A code snippet of the ways a user may ask about winning numbers from the lottery:

“samples”: [
   “tell me the jackpot for {lotteryGame} and {lotteryGame}”,
   “what is the current jackpot “,
   “what is the largest jackpot coming up”,
   “what is the largest jackpot”,
   “what is the prize”,
   “what is the prize”,
   “how much can i win”,
   “what is the jackpot”,
   “what are the winnings for {lotteryGame}”,
   “{lotteryGame} winnings”,
   “{lotteryGame} jackpot”,
   “{lotteryGame} payout”,
   “{lotteryGame} prize”,
   “what are the {lotteryGame} winnings”,
   “what is the {lotteryGame} winnings”,
   “what is the {lotteryGame} prize”,
   “what is the {lotteryGame} payout”,
   “what is the {lotteryGame} jackpot”,<
   “how much is the payout for {lotteryGame}”,
   “how much is the prize for {lotteryGame}”,
   “how much is the jackpot for {lotteryGame}”,
   “how much can i win if i play {lotteryGame}”,
   “what is the prize for {lotteryGame}”,
   “what is the jackpot for {lotteryGame}”,
   “what is the payout for {lotteryGame}”
]

Words, words, words

With these basic elements, you can begin to see how the “conversation” is structured.

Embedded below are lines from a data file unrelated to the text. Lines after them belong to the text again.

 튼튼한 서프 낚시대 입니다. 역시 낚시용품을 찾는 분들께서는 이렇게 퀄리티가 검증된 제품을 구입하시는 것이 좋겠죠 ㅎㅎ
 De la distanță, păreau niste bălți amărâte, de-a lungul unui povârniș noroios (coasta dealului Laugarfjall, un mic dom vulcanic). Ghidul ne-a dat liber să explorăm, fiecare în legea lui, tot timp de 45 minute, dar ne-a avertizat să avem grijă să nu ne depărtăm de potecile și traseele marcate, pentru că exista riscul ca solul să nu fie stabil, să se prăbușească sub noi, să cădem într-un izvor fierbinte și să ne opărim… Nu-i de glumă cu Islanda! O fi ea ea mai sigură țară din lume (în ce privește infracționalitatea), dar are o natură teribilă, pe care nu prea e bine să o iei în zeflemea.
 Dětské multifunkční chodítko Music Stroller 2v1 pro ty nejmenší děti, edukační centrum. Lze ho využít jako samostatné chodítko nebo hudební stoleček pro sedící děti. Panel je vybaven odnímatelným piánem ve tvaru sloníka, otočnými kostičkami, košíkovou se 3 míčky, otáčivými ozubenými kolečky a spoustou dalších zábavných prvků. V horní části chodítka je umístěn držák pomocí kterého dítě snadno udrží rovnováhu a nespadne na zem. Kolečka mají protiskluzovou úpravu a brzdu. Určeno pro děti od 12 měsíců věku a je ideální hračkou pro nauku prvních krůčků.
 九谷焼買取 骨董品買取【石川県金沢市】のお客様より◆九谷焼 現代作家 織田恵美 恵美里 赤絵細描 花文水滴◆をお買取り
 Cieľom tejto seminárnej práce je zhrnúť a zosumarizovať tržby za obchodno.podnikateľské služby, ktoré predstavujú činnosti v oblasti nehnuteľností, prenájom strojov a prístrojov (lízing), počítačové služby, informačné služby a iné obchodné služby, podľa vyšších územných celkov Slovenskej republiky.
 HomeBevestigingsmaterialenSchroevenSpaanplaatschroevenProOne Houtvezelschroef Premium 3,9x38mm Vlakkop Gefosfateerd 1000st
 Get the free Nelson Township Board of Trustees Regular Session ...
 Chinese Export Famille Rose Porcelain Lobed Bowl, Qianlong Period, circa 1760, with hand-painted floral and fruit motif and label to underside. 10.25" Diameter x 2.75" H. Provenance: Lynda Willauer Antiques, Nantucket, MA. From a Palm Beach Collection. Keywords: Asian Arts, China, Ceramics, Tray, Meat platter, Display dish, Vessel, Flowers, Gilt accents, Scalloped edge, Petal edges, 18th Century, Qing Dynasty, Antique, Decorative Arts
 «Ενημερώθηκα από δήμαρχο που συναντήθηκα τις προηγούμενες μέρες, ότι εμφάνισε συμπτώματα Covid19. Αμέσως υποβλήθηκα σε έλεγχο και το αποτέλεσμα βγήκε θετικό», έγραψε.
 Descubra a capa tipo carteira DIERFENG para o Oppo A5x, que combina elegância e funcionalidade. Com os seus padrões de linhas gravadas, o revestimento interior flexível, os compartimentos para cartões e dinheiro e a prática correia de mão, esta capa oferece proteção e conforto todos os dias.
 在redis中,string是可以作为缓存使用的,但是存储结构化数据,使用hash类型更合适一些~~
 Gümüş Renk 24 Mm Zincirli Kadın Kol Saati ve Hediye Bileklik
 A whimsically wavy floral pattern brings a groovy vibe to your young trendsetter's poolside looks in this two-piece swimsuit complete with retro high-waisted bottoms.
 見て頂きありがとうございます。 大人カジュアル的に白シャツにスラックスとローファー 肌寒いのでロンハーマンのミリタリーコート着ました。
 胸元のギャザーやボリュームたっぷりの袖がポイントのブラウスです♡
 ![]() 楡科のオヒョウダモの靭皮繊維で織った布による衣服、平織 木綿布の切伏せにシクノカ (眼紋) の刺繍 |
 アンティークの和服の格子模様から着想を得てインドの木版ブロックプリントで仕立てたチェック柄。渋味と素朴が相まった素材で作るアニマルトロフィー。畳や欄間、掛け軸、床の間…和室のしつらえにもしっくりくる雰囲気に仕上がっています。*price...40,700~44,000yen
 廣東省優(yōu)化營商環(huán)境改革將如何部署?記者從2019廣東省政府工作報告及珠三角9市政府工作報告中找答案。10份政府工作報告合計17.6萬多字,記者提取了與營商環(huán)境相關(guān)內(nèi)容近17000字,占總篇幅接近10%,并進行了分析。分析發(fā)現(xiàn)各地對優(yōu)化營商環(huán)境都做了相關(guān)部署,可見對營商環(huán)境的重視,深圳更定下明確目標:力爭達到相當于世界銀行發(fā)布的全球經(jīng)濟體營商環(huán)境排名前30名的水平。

It’s entirely pre-planned – or more accurately stated, it is pre-written. The application does not generate the words it speaks to you. Every question, clarification, and answer it provides is written into the code.

In short, building a voice application is as much a copywriting exercise as it a programming exercise. In fact, you may argue that it is almost entirely a copywriting activity. Given that the interface is made entirely of language (as opposed to visual graphics), user experience for voice is entirely about thinking of all the ways a human may ask a question or state a need, and then how that person will understand and act upon an automated response.

For interaction designers accustomed to working with visual interfaces, switching over to design voice interactions can be daunting because a very different set of rules dictate how information is shared. As visual designers, we have the luxury of all the nuance and contextual clues visual elements can provide. Most people know what a menu looks like, what a button does, where they “are” in terms of location whether physical or virtual, etc. We take these things for granted in an experience that has visual guides, but that all disappears when there is only vocal interaction.

post-in notes from building an Alexa Skill
Post-It notes from designing an Alexa Skill

Brave new world

Having built an Alexa Skill and beginning to become more involved in voice experiences, it is obvious to us that voice experience is going to be a critical aspect of our technological future. Given the rapid adoption of smart speakers and similar devices in homes and businesses across America, voice experience is already becoming a part of our everyday lives. We believe that trend will not only continue, but that voice become a part of every digital experience we encounter – not just limited to smart speakers and smartphones.

This is a fundamentally new world, and we’re excited to be a part of it.